Tuesday, October 6, 2015



Seared Chicken with Fusili and Fresh Veg and Herb Pasta Sauce

There are times when one just wants it all, both meat and pasta with a killer fresh sauce, not a jarred or canned sauce.  I am especially proud of this dish because it is a one-pot-wonder.  Sure cuts down on the number of dishes you have to clean later!  This will feed a family of four on a budget a healthy and filling meal, also great for lunch leftovers. Let's get started!

Chicken Seasoning:
2 tablespoons smoked paprika
2 teaspoons cumin seed
1 teaspoon fennel seed
2 teaspoons palm-crushed dried oregano 
1 teaspoon dried thyme leaves
salt and pepper, about a teaspoon each

Season four-to-six boneless, skinless chicken thighs on both sides and set aside to come to room temperature.

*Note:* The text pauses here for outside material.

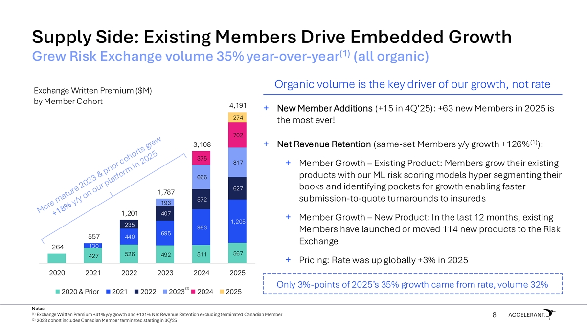 How We Performed in Q4 Strong execution across all of our KPIs 4Q ‘24 3Q ‘25 4Q ‘25 Commentary Exchange +24% y/y growth $879 $1,043 $1,090 +32% y/y growth excluding terminated Canadian Member Premium ($M) Net Revenue 131% net revenue retention excluding terminated Canadian Member Supply Side 153% 135% 126% Retention Member +15 in the quarter driven by new independent Members – Member count grew 217 265 280 29% y/y Count Gross Loss Strong gross loss ratio performance as portfolio continues to perform as 58% 50% 51% expected Ratio Continued ramping of onboarded third-party risk exchange insurers. $229M was rd 3 Party % Demand Side 21% 32% 40% written with non-Hadron insurers ARX Net Retention in line with expectations 8% 7% 9% Retained %1 +30% y/y growth driven by organic growth and premium earning through; (1) Revenue $191 $267 $248 (2) +42% y/y excluding non-recurring investment gains in 4Q’25 and 4Q’24 Adjusted Financials 28% adjusted EBITDA margin driven by topline growth and emerging operating $46 $105 $71 (1) leverage (vs. 24% prior year) ($M) EBITDA Adj. Net $0.23 adjusted net income per share (diluted) $39 $80 $51 (1) Income Notes: Please see the Appendix for reconciliations of non-GAAP items. (1) (2) Includes non-recurring investment gains of $17M, $39M and $2M in 4Q ’24, 3Q ’25 and 4Q ’25, Revenue +42% y/y growth excluding non-recurring investment gains of $2M and $17M for 4Q ‘25 7 respectively. Accounting for these, y/y Adj. EBITDA growth was 132% in 4Q ‘25 and 4Q ‘24, respectively

Add a good two tablespoons of extra virgin olive oil to a large skillet and sear about four minutes per side. Place on a wire rack over a baking pan and finish at 350 degrees for 15-18 minutes in the oven. Remove and allow to rest. After ten minutes, cut the chicken into bite-sized pieces. 



Fresh Pasta Sauce Ingredients:
1 red onion, sliced into slivers
2 pints halved grape or cherry tomatoes
salt and pepper
fresh flat-leaf Italian parsley and torn fresh basil (about a half cup, together)
fresh or dried oregano and thyme (about two teaspoons of each)
1/4 cup of sun dried tomatoes
1 tablespoon tomato paste
1/4 cup red wine vinegar or wine (I use Cento, my favorite!)
3-4 tablespoons extra virgin olive oil 
3 cloves garlic, grated or finely chopped



 
 I went a little backwards, but I wanted to get you excited about the pasta sauce and how fresh it all it and to let you know we do not want to cook it down to a puddle; we want it chunky and fresh, almost putanesca style. More on the sauce in just a little bit!

Before the sauce goes into the pot, bring 4 quarts of water to a roiling boil.  Add a generous amount of salt to the water (it is the only chance you get to season the pasta) and add a box or package of short fusili pasta to the water.  Boil/cook the pasta to just before al dente (just before done).  Strain it in a colander and let it sit for a few moments.  

Immediately add the 3-4 tablespoons of evoo to the pot and add the onion and garlic over medium-high heat.  Add a little salt to onions to help them "sweat out" and release their sugars.  Add the halved tomatoes and herbs and stir after about three or four minutes to the onions and garlic, which, by  now, should be incredibly fragrant! 



After five minutes of stirring and simmering over the medium-high heat, reduce the heat to medium-low and add the pasta.  Toss the pasta and the veggies together constantly to coat all of it with those fresh flavors.  Note:  I added a second round, but not as much of it, of the fresh herbs to add a bit more fresh Italian flavors.  I also added a hand full of grated pecorino romano, which is great for a pasta toss. 

After a good five minutes of tossing and heating, the pasta will be ready to be served on a plate or a bowl, topped with some of the chicken, garnished with fresh herbs and cheese.  

 
 One more, you ask for?  Sure!


 
 Thank You again for your time and consideration!  I hope you enjoy this simple, fragrant, flavorful and extremely easy pasta dish!  
Now, go cook something for someone you love!